● Your instructions
Word for word, please restate each record and pass over the pictures.

● Provided records
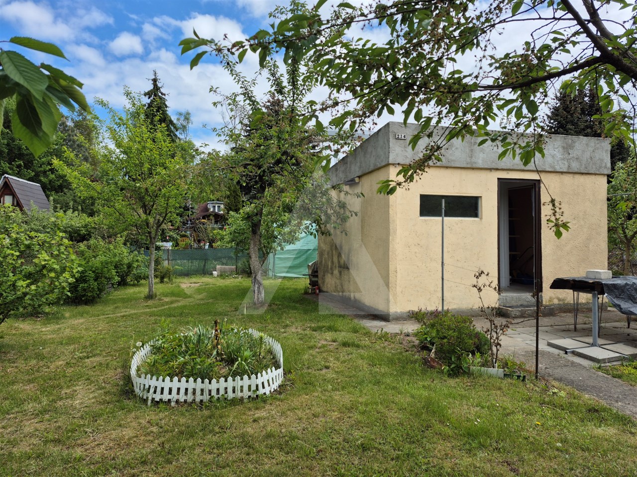 Na działce znajduje się murowany domek letniskowy o wymiarach zewnętrznych 4,5x4 oraz szklarnia foliowa.
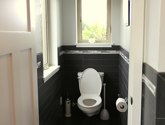 We installed tile wainscoting with a charming accent band in this water closet to add interest to this simple room and improve the cleanability.
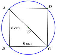 Cho hình chữ nhật \(ABCD\) nội tiếp đường tròn \(\left( {O;\,\,R} \right),\) biết \(AB = 8\,cm,\,\,BC = 6\,cm.\) Độ dài bán kính \(R\) là:
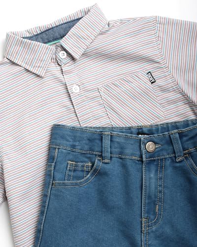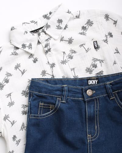 DKNY Boys' Shorts Set - 2 Piece Short Sleeve Button Down Shirt and Denim Jean Shorts - Summer Outfit for Toddler Boys (2T-7)
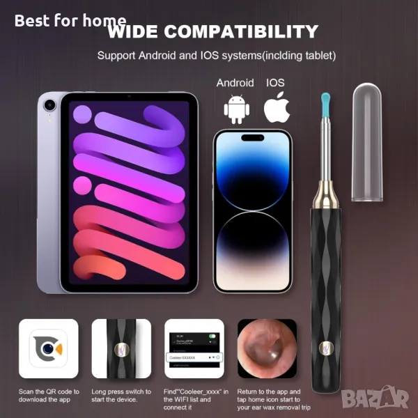 【WIFI връзка и контрол на ПРИЛОЖЕНИЕТО】: Уредът за почистване на ушна кал е лесен за работа, съвместим с повечето смартфони и таблети с Android и iOS. Можете лесно и ясно да проверявате ушите си на телефона или таблета си, да правите снимки и да записвате видеоклипове в реално време. Това е удобен инструмент за премахване на ушна кал за домашна употреба.
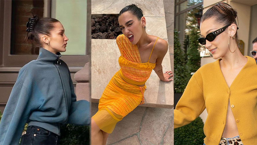 千禧年用鲨鱼夹,可不是来打造蓬松自然的发型,反而追求的是紧和光滑。额前可以拨出点头发,注意,是那种刻意的两缕,模板可以参考Bella和Dua Lipa。学会Y2K发型,善用鲨鱼夹,发胶和油头不可怕。
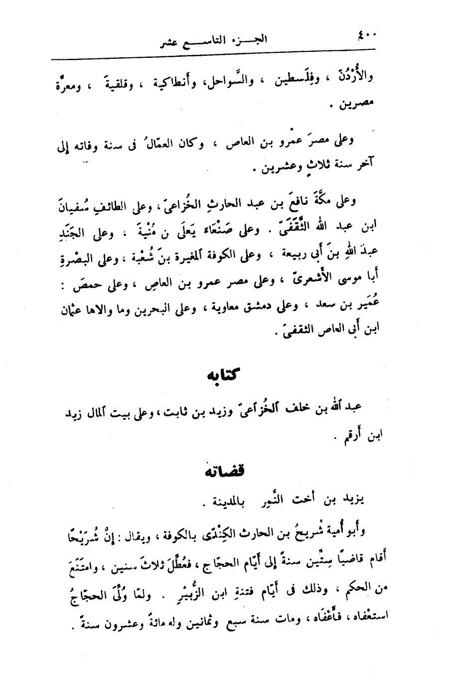 عبد الله بن خلف الخزاعىّ وزيد بن ثابت، وعلى بيت المال زيد ابن أرقم.
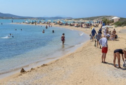 Antiparos Beaches - Agios Georgios Beach in Antiparos, Greece is a breathtaking and meticulously maintained coastal paradise located on the idyllic northeastern side of the serene Aegean Island. Its mesmerizing azure waters, caressing the velvety golden shores, create an enchanting haven of serenity and unspoiled aesthetics. Nestled amidst verdant foliage and embraced by rugged cliffs, Agios Georgios Beach beckons both sun worshippers and nature lovers in search of an unparalleled escape.
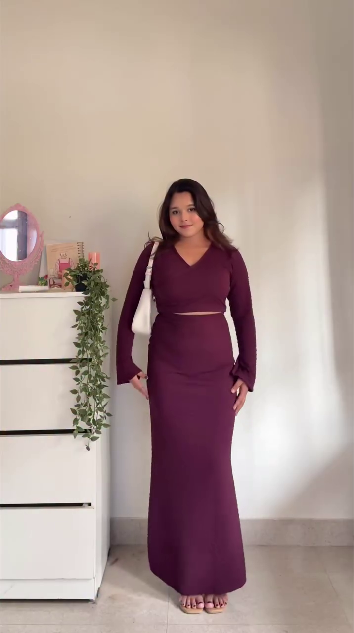 Elevate your fashion game with the wine-colored co-ord set featuring a V-neck crop top and matching long skirt—because every woman deserves to feel beautiful, confident, and effortlessly chic. 🍷💃
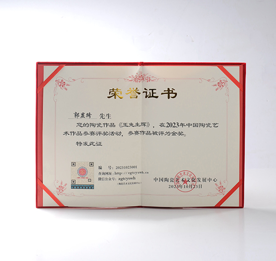 2023年10月《玉兔生輝》榮獲2023年北京中國(guó)陶瓷藝術(shù)名家作品評(píng) 比金獎(jiǎng);
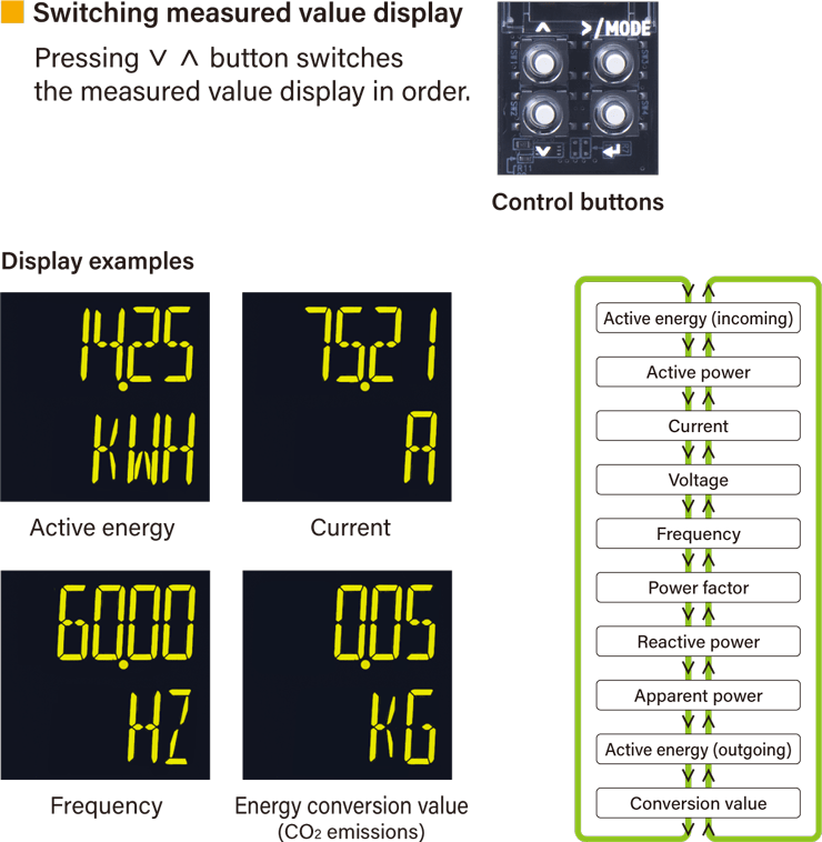 The OEL display allows you to check the measured values of voltage, current, power, energy, CO2 emissions (energy conversion value), and relative harmonic content of each element, as well as various setting values.

● Result of this exercise
 Na działce znajduje się murowany domek letniskowy o wymiarach zewnętrznych 4,5x4 oraz szklarnia foliowa.
 We installed tile wainscoting with a charming accent band in this water closet to add interest to this simple room and improve the cleanability.
 Cho hình chữ nhật \(ABCD\) nội tiếp đường tròn \(\left( {O;\,\,R} \right),\) biết \(AB = 8\,cm,\,\,BC = 6\,cm.\) Độ dài bán kính \(R\) là:
 DKNY Boys' Shorts Set - 2 Piece Short Sleeve Button Down Shirt and Denim Jean Shorts - Summer Outfit for Toddler Boys (2T-7)
 【WIFI връзка и контрол на ПРИЛОЖЕНИЕТО】: Уредът за почистване на ушна кал е лесен за работа, съвместим с повечето смартфони и таблети с Android и iOS. Можете лесно и ясно да проверявате ушите си на телефона или таблета си, да правите снимки и да записвате видеоклипове в реално време. Това е удобен инструмент за премахване на ушна кал за домашна употреба.
 千禧年用鲨鱼夹,可不是来打造蓬松自然的发型,反而追求的是紧和光滑。额前可以拨出点头发,注意,是那种刻意的两缕,模板可以参考Bella和Dua Lipa。学会Y2K发型,善用鲨鱼夹,发胶和油头不可怕。
 عبد الله بن خلف الخزاعىّ وزيد بن ثابت، وعلى بيت المال زيد ابن أرقم.
 Antiparos Beaches - Agios Georgios Beach in Antiparos, Greece is a breathtaking and meticulously maintained coastal paradise located on the idyllic northeastern side of the serene Aegean Island. Its mesmerizing azure waters, caressing the velvety golden shores, create an enchanting haven of serenity and unspoiled aesthetics. Nestled amidst verdant foliage and embraced by rugged cliffs, Agios Georgios Beach beckons both sun worshippers and nature lovers in search of an unparalleled escape.
 Elevate your fashion game with the wine-colored co-ord set featuring a V-neck crop top and matching long skirt—because every woman deserves to feel beautiful, confident, and effortlessly chic. 🍷💃
 2023年10月《玉兔生輝》榮獲2023年北京中國(guó)陶瓷藝術(shù)名家作品評(píng) 比金獎(jiǎng);
 The OEL display allows you to check the measured values of voltage, current, power, energy, CO2 emissions (energy conversion value), and relative harmonic content of each element, as well as various setting values.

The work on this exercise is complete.